Aaron Kinney instructs us on using analogies to argue against the democratic process.
One analogy I like to use is soft drinks.
I compare the soft drink market to the government.
I ask them: "what if there was only one soft drink brand available to purchase? And what if you didnt like the taste of it? Do you think it would be fair for the soft drink manufacturer to 1) force the market to only offer its product and no others? and 2) force you to buy their soft drink either at a flat rate every week (say one six pack) or as a percentage of your income?"
The answer to this is always "no". I then ask: "isnt the competitive nature of the soft drink market wonderful?
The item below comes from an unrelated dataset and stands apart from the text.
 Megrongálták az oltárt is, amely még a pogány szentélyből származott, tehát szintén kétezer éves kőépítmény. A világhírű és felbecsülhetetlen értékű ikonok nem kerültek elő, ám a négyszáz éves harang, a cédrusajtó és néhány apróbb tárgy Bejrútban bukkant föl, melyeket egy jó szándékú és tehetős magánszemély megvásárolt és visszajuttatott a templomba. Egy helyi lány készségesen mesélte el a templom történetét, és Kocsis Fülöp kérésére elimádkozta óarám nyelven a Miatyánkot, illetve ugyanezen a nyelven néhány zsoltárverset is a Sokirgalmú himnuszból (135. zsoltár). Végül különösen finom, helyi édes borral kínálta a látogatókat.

You can choose from so many flavors, and prices are low and flavors are great because of competition. Do you agree that competition is Superior?" 99% of the time, the answer I get to this question is "yes".
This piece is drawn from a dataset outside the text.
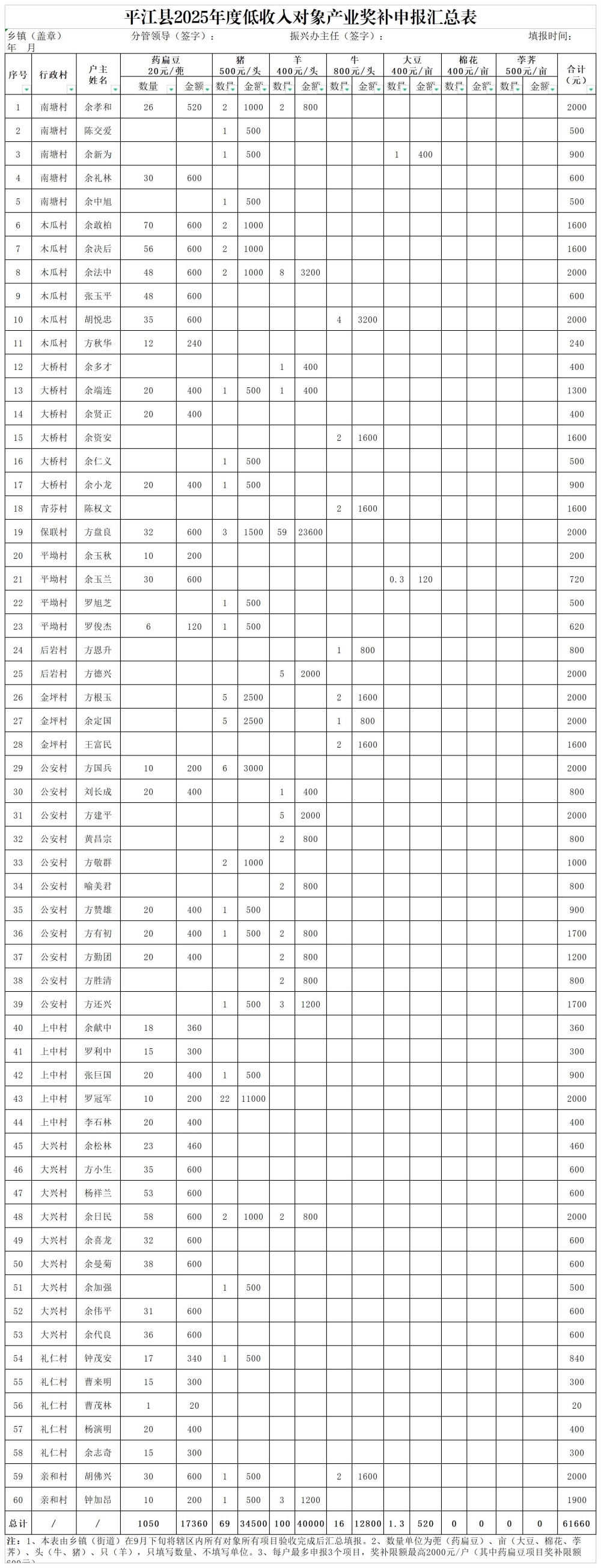 木金乡2025年度第一批低收入对象产业奖补申报汇总表

Then I shoot for the goal: "So wouldnt it be better if the "government" were replaced by competing companies that were 1) unable to force you to buy their product, 2) unable to prevent competitors from entering the market, and 3) totally reliant on consentual consumer purchasing of its products for its market share?
While at this point they often stammer and are reluctant to admit the logic, I have already won anyway. They have hung themselves with their own noose. And its all thanks to soda pop.
As a comment, I always find it weird that people are so adamant against monopolies, and yet see nothing wrong with the existence of the state or "state companies" (or as we call them in Canada, Crown companies). Once again, people are able to reason perfectly rationally about scenarios until they hit the state, towards which they have a total blind spot. All monopolies are bad, but a monopoly of FORCE, the worst thing possible ? Ah, that one's all right.